Итак, я обещала самой себе, что буду ехать на запад до тех пор, пока машина не остановится. Там и останусь. Но, как оказалось, кое-что я не приняла в расчет. Мама научила меня всему, что касалось автомобильных шин, а также попутно многому другому. Но я ничего не знала о рокерах, то есть рычагах привода клапана. А еще – о Великих равнинах.
Вид равнины наполнил мою душу отчаянием. Думая, что мне удастся ее объехать стороной, от Вичиты, что в штате Канзас, я повернула на юг. Но спастись не удалось – она настигла меня в центре Оклахомы. Я никогда не думала, что на нашей круглой Земле могут быть такие плоские места. В Кентукки, где есть и горы, и холмы, взгляд почти всегда натыкается на препятствие, давая возможность помечтать, что по ту сторону холма вас ждет что-то очень хорошее. Но на Великих равнинах этот номер не пройдет – все лежит перед вами здесь и сейчас, и, куда бы вы ни смотрели, ничего лучше этой равнины вы не увидите. Было ясно, что в Оклахоме надеяться не на что.
Машина моя сдалась где-то в самой середине этой великой пустоты, которая, если верить дорожным знакам, принадлежала племени чероки. Рулевое колесо неожиданно утратило всякую связь с направлением, в котором двигался мой «фольксваген», но благодаря какому-то чуду, которого я точно не заслуживала, мне удалось дотащиться целой и невредимой до ближайшей станции техобслуживания.

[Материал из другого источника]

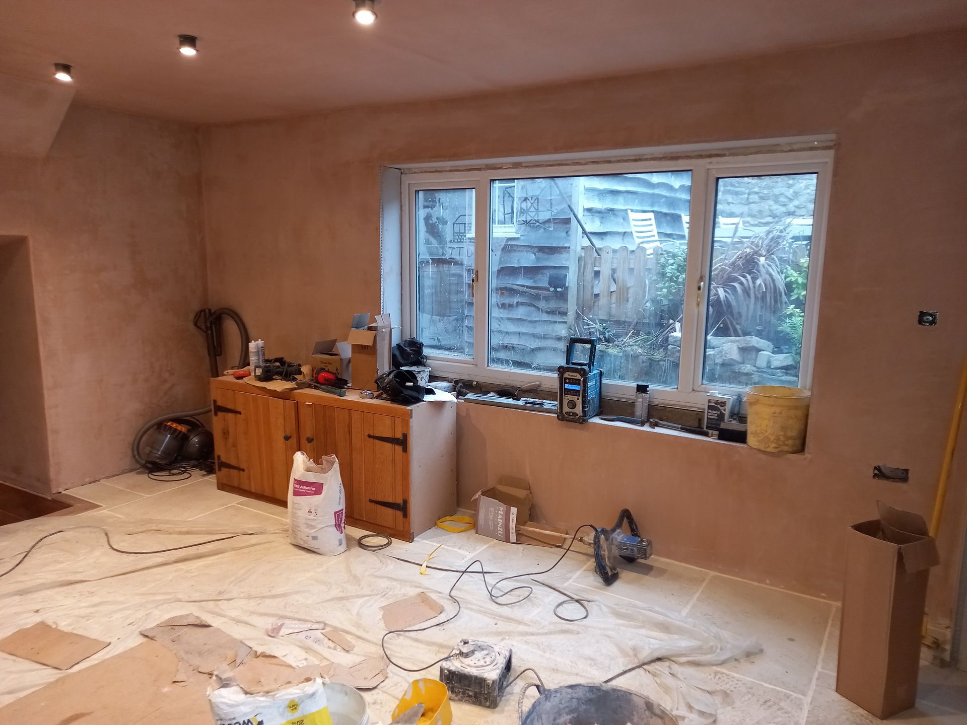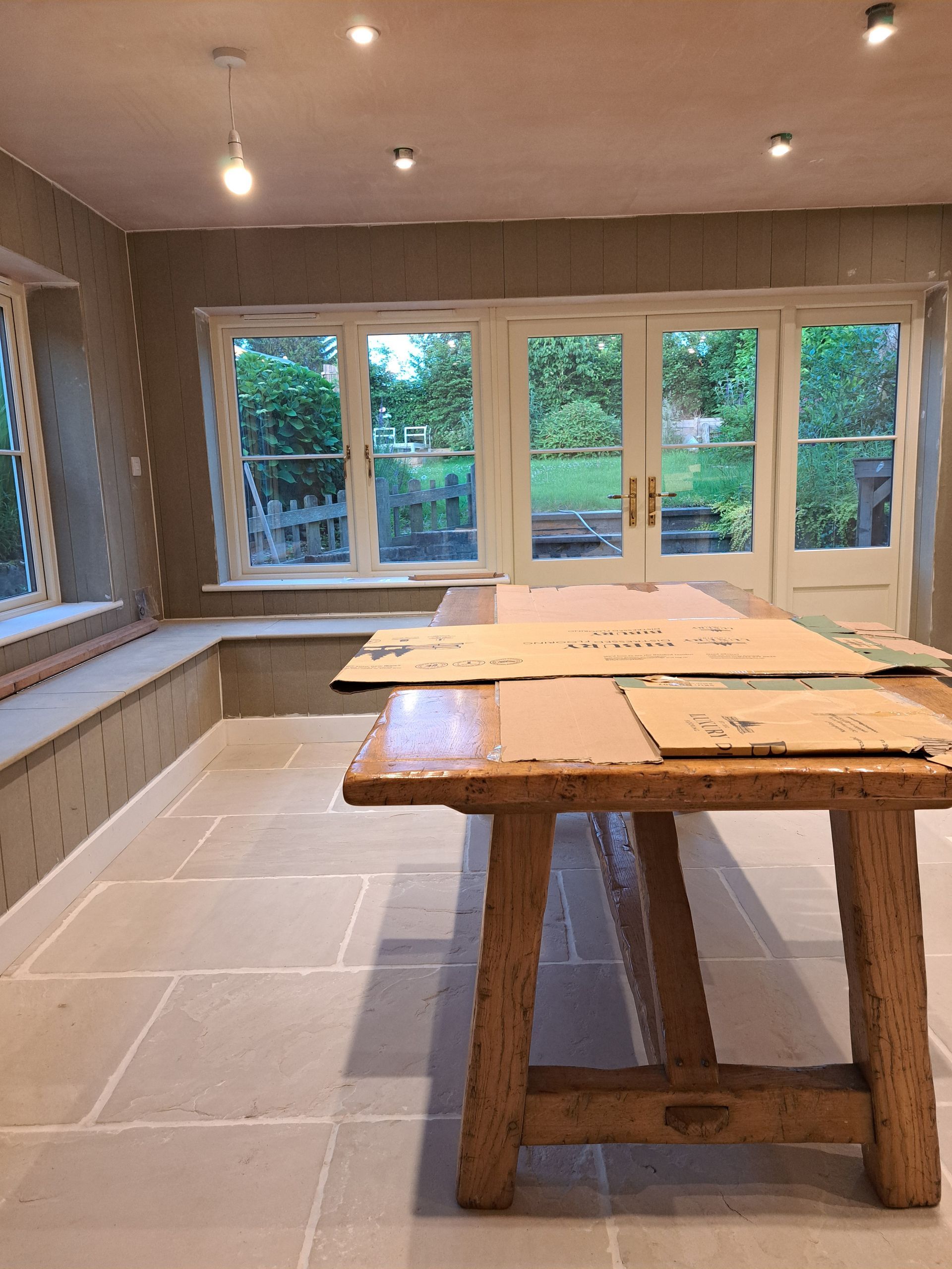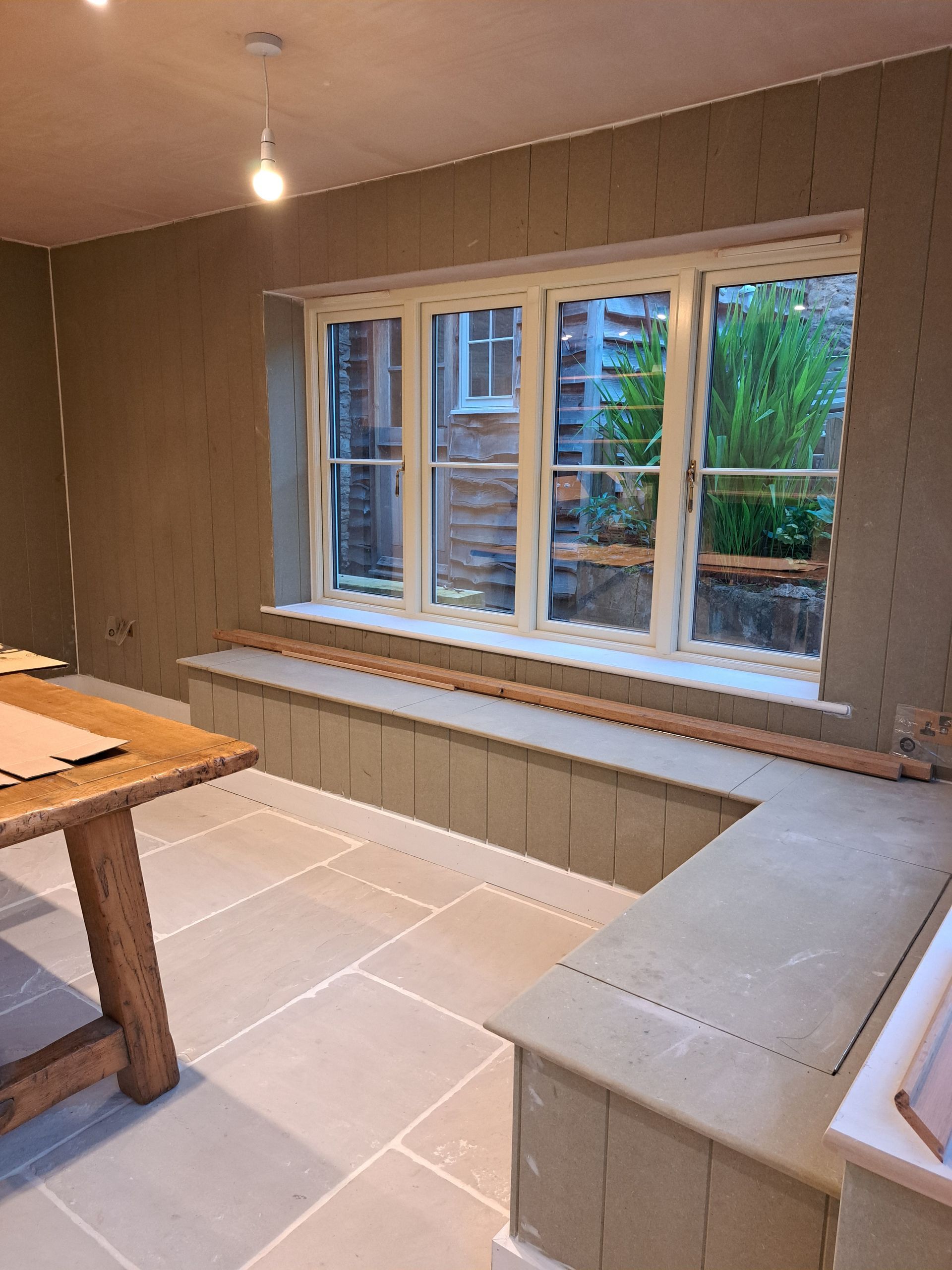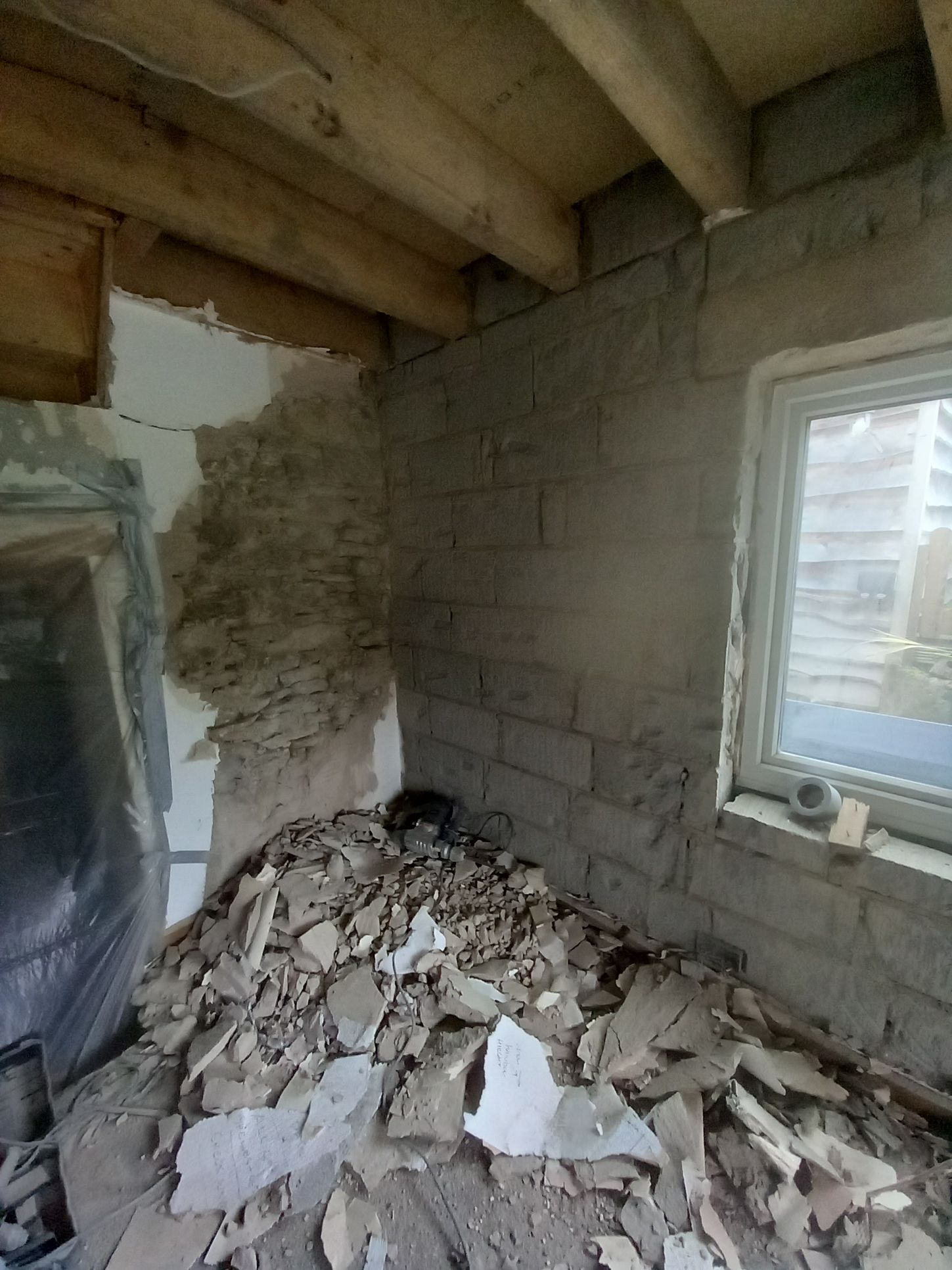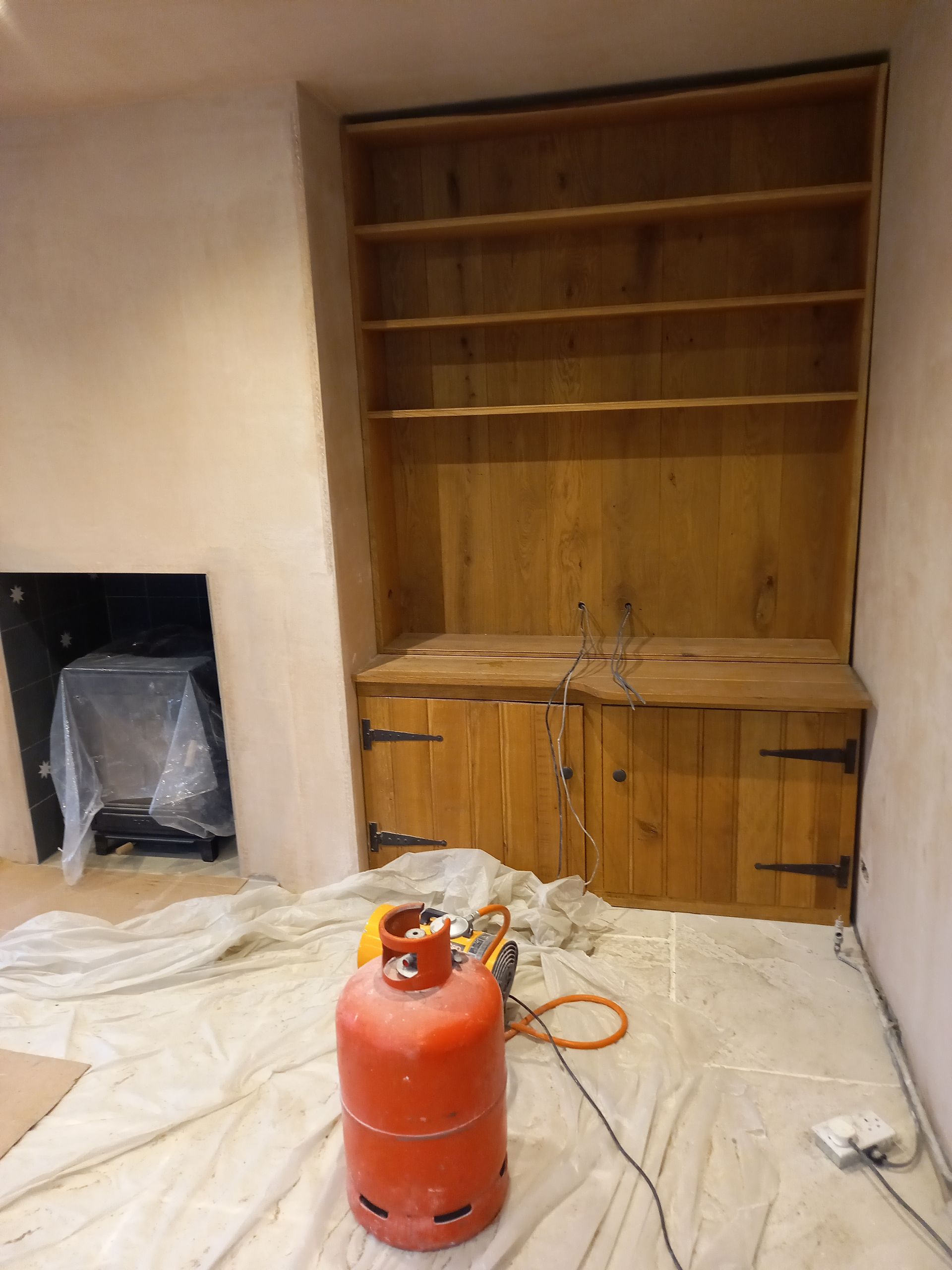 Work is been carried out to refurbish and alter a room with-in Ascot Cottage which comprises of taking the old Upvc French doors and windows out and making the opening wider to fit a pair of Timber French doors with window and fan light. Work is also been carried out to re-build the chimney breast to allow for a log burner, fully strip out the old walls and dampproof the walls, lay a new tiled floor then fitting a bespoke cladding board to the walls along with seating area.

Человека, который наладил мне рычаг привода, звали Боб Дважды-Два. Не хочу сказать, что он заломил бессовестную цену (если бы я знала, что и как, подтянула бы рокер сама), но в тот вечер он потопал домой, унося в кармане половину всех моих денег. Я сидела на парковке и тупо смотрела на безбожную пустоту Великих равнин. Хоть вешайся и сама зарывайся в землю. Но смысла в этом не было – машину-то мне починили!
С другой стороны, все это было смешно. Сколько я себя помнила, мама всегда говорила, что чероки – это наш туз в рукаве. Ее прадед был чистым чероки, одним из немногих индейцев, кого то ли из-за возраста, то ли из-за упрямства не сумели перегнать из Теннесси в Оклахому. И мама всегда говорила:
– Если удача нас оставит, мы всегда сможем уехать и жить среди чероки.
И в ней, и во мне текла достаточная доля индейской крови, чтобы нас приняли. Как мама говорила, хватит одной восьмой. Она называла это нашим «подушным наделом».
Конечно, побывай она тут, она бы поняла: чтобы согласиться здесь жить, в пятую точку должно упираться чье-то ружье. Ясно, что вся эта программа по переселению индейцев чероки в Оклахому была предпринята с одной целью – чтоб присмирели и не рыпались.
Чероки верили, что Бог живет на деревьях. Так мне говорила мама. Когда я была маленькая, я забиралась как можно выше на дерево и спускалась только к обеду.
– Это в тебе индейская кровь играет, – говорила мама. – Ты хочешь увидеть Бога.
Насколько я успела заметить, во всей Оклахоме не было ни одного дерева.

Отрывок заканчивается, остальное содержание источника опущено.